With RK3399, a good SSD and appropriate benchmark methodology really testing direct i/o with Gen2 speeds you should get numbers exceeding 1400 MiB/sec both reading and writing. RockPro64 example and Theobroma Systems’ RK3399-Q7 SOM example.

With fio and a bit of parallelism even exceeding 1500 MiB/s is possible.

Moral of the story: lspci confirmed that you’re now useing a higher PCIe link speed and also have no problems with link width (dusty/dirty contacts can result in just a x2 or even an x1 connection). And asides what all these benchmarks tell I guess in reality you’re after better real-world storage performance? And this is sabotaged by ignorance at Radxa’s side who ship with crappy settings

You can compare what’s happening when setting cpufreq governor to performance and powersave. The former brings the optimal storage performance while the latter is what you’ll get with real-world tasks since Radxa’s ondemand settings result in the CPU cores being most of the times on lowest cpufreq with I/O tasks. So even if a benchmark will tell you ‘everything is fine’ real-world storage performance is not

rrzayev · October 11, 2022, 12:20pm

Ok, I got it. Is there any specific command/tool that you would recommend for the benchmark (since 'disks", and “hdparm” are not suitable) ?

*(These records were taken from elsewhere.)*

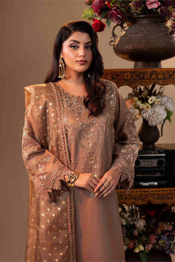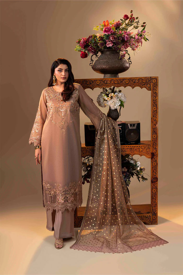 - Karandi Embroidered Sleeves finished with organza embroidered border & 3D flowers
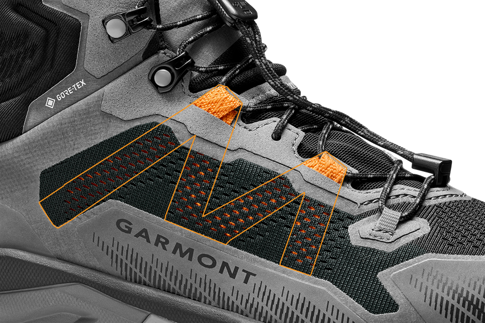 G-WRAP technology acts between the upper and lining in the forefoot area through the lacing. Tightening the laces puts tension on the G-WRAP structure, which will tend to wrap around the foot for an immediate feeling of stability and security.
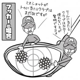 もう1つはミスショット時の打点位置。右から左に曲がるフッカーの場合は、ミスショット時に打点位置がフェースのトウ側にあるクラブは相性がよろしい。対して、ミスショット時に打点がヒール側になりやすいクラブは手を出すべきではありません。
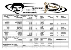 No sábado dia 18 data cumpriram-se 5 anos sobre o falecimento do Patrono da Secção – António Leitão. Os atletas da manifestaram a sua homenagem participando duma forma massiva em diversas provas. Para ele vai todo o nosso esforço no intuito de seguir as suas pisadas e quiçá repetir as suas magníficas prestações. Entre cerca de 10.000 atletas, PAULO REIS faz 18º lugar, vence escalão na “Corrida do Dia Do Pai” no Porto e dedica Triunfo ao ANTÓNIO LEITÃO. Entre os cerca de 10000 participantes o nosso atleta terminou num magnífico 18º lugar da geral e triunfou brilhantemente no seu escalão. Parabéns Paulo Reis, Parabéns Equipa, Parabéns Espinho. Este Fim de semana a Equipa Tigre apresentou em várias frentes. Paulo Oliveira foi á Capital onde participou na ½ Maratona de Lisboa, em Aveiro os mais jovens participaram no Torneio Abertura e no Porto uma equipa de 5 atletas participou na Corrida do Dia do Pai. A Aveiro a equipa fez-se deslocar com a maior comitiva de sempre composta por 16 atletas. André Almeida, André Lima, Alexandre Sousa, Arsénio Rocha, Guilherme Oliveira, Lara Martins, Lídia Ferreira, Márcia Vieira, Nuno Oliveira, Pedro Sárria, Rafael Ornelas, Rogério Grabulho, Rita Neiva, Riana Prots, Sara … Continue a ler Corrida do Pai, Meia maratona de Lisboa e Torneio Abertura

This is output of /etc/default/cpufrequtils:
GOVERNOR="performance"

As you can see, I don’t have line starting with “ENABLE”, and performance keyword is in double-quotes.

Is it normal?

tkaiser · October 11, 2022, 12:28pm

The contents should be fine. But as already said you need to either reboot or do a systemctl restart cpufrequtils. It’s important that the following reads performance:

cat /sys/devices/system/cpu/cpu?/cpufreq/scaling_governor

(or if you want to see what’s happening with lowest clockspeeds, then replace performance with powersave).

For testing do a sudo apt install iozone3, then chdir to the mountpoint of your SSD and then simply:

iozone -e -I -a -s 1000M -r 16384k -i 0 -i 1

This will only test sequential read/write performance and the -I ensures that storage and not filesystem buffers or caches are tested.

rrzayev · October 11, 2022, 1:16pm

Thank you very much. I tested powersave vs performance options, results in MB/s are below:

SETTINGS *********** WRITE ** READ

pcie-1 powersave **** 510 ***** 481
pcie-1 performance ** 682 ***** 607
pcie-2 powersave **** 835 ***** 722
pcie-2 performance ** 1055 **** 974

Also, when switched to powersave, I noticed that system becomes pretty slow (in terms of response time).

rrzayev · October 11, 2022, 1:58pm

One final thing. I checked default speed where
cat /sys/devices/system/cpu/cpu?/cpufreq/scaling_governor is ondemand
vs when we modify it to be performance.

According to the results, it seems that ondemand performance seems pretty good(doesn’t differ from performance).

Perhaps there is no need to deal with performance at all?